I worked as a tool and die/mold maker building all kinds of injection molds cast molds, stamping dies, jigs and fixtures etc. for 18 + years before I retired from that trade, most of the machines I used were not even built to hold that kind of tollerance, there are special machines built to hold ten thousands of an inch tollerance, and they are built quite a bit differently then a table saw. 

The only way you are going to even check a dimension like that is with an indicator. I have worked to tollerances of plus or minus .00003" (30 millionths of an inch) and it's not easy to hold tight tollerances as a matter of fact holding plus or minus .005" is usally the norm in most metal working applications.

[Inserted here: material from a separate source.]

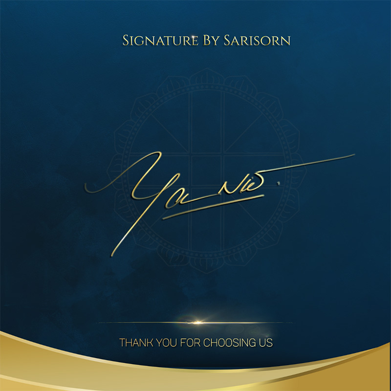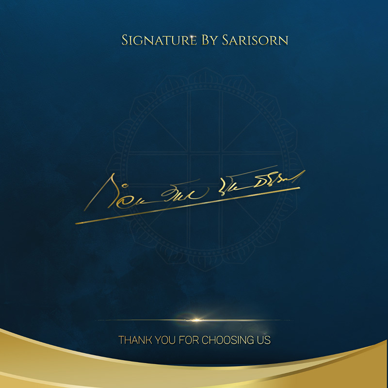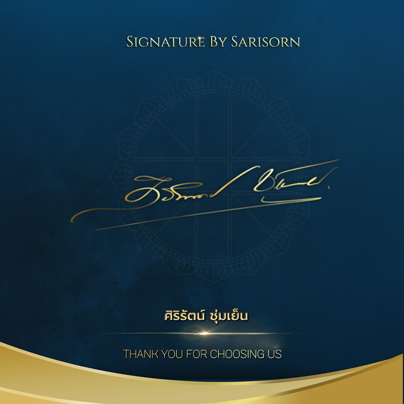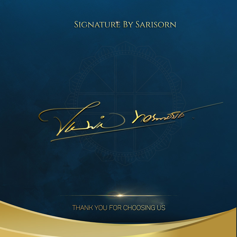 อาจารย์กำหนดวันที่เป็นมงคลตามหลักการให้ฤกษ์จึงทำให้ลายเซ็นที่ออกแบบมีความเป็นมงคลตั้งแต่เริ่มการออกแบบ

A sheet of paper is about .003" to .004" and your talking about holding .0001" sorry but I don't think so.

It's a nice setup but holding and working in that kind of precision and tollerancing and in wood no less not going to happen.
:stop:

Danny


----------



## TwoSkies57 (Feb 23, 2009)

I do believe that should have been .001, one one thousandths instead of .0001 one ten thousandths.


----------



## Glen L (Nov 24, 2010)

Sorry I stand corrected 0.001, sorry for the typo I forgot the . duh!


----------



## jd99 (Jun 17, 2009)

TwoSkies57 said:


> I do believe that should have been .001, one one thousandths instead of .0001 one ten thousandths.


Even at that (.001") holding that kind of tollerance in wood.... :blink: Lets get real.
If your going to work in dimensions, and tollerances of that nature then it's going to be in metal and in controlled environments.

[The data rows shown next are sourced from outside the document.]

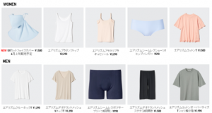 「青いユニクロ」では、どんな気候でも快適な心地よさを提供する「エアリズム」商品を展開する。「エアリズム」はインナーだけでなく、長袖やTシャツ、グッズまで、豊富なバリエーションを取り揃える。
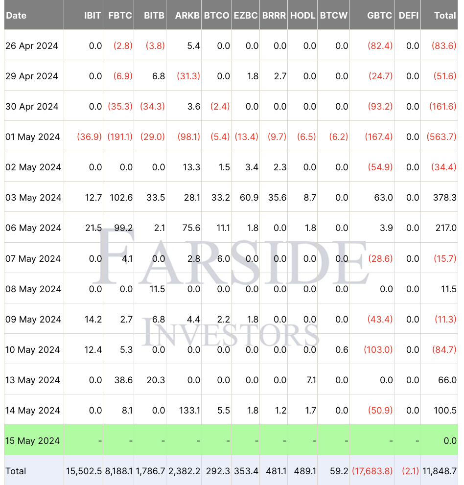 Dòng tiền tích cực đổ vào Bitcoin ETF spot cũng đang thúc đẩy tâm lý tăng giá mới nhất từ ​​các nhà đầu tư. Các quỹ Bitcoin ETF spot của Hoa Kỳ đã thu về dòng vốn ròng hàng ngày là 100,5 triệu USD vào ngày 14 tháng 5, trong đó Bitcoin ETF (ARKB) của ARK 21Shares ghi nhận dòng vốn vào lớn nhất trong ngày, vượt qua dòng vốn chảy ra từ Grayscale Bitcoin Trust.
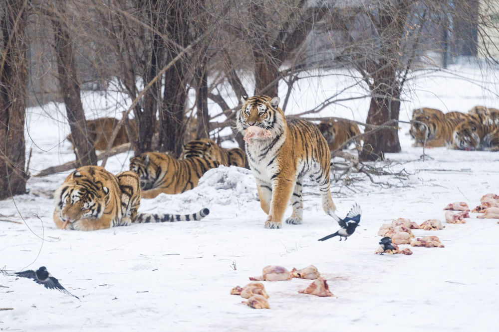 “为了不让老虎饭来张口,我们想了很多办法,滑轮送饭是其中一种。老虎在野外的时候,并不是每天都能吃上饭,为了保持它们对食物的欲望和野性,我们每周还给老虎‘辟谷’,让它们断食一天。”饲养员徐彪说,“你看,这两只刚刚‘辟谷’后的老虎,吃饭是不是特别香?”

Having been there and done it, I know for a fact a temperature change can change a .0002" dimension to .0004" in no time. that's why inspection rooms and close tollerence grinding/machine shops are all in controlled environments.

All I'm saying is we are working in wood, wood moves, precision wood working??? Guess it depends on the definition of precision.

Danny


----------



## TwoSkies57 (Feb 23, 2009)

Great job Glen!!! I really like what you've managed to do. I'm a big fan of the Incra line of products. A while back I built a RT cabinet with a LS17 and haven't looked back. 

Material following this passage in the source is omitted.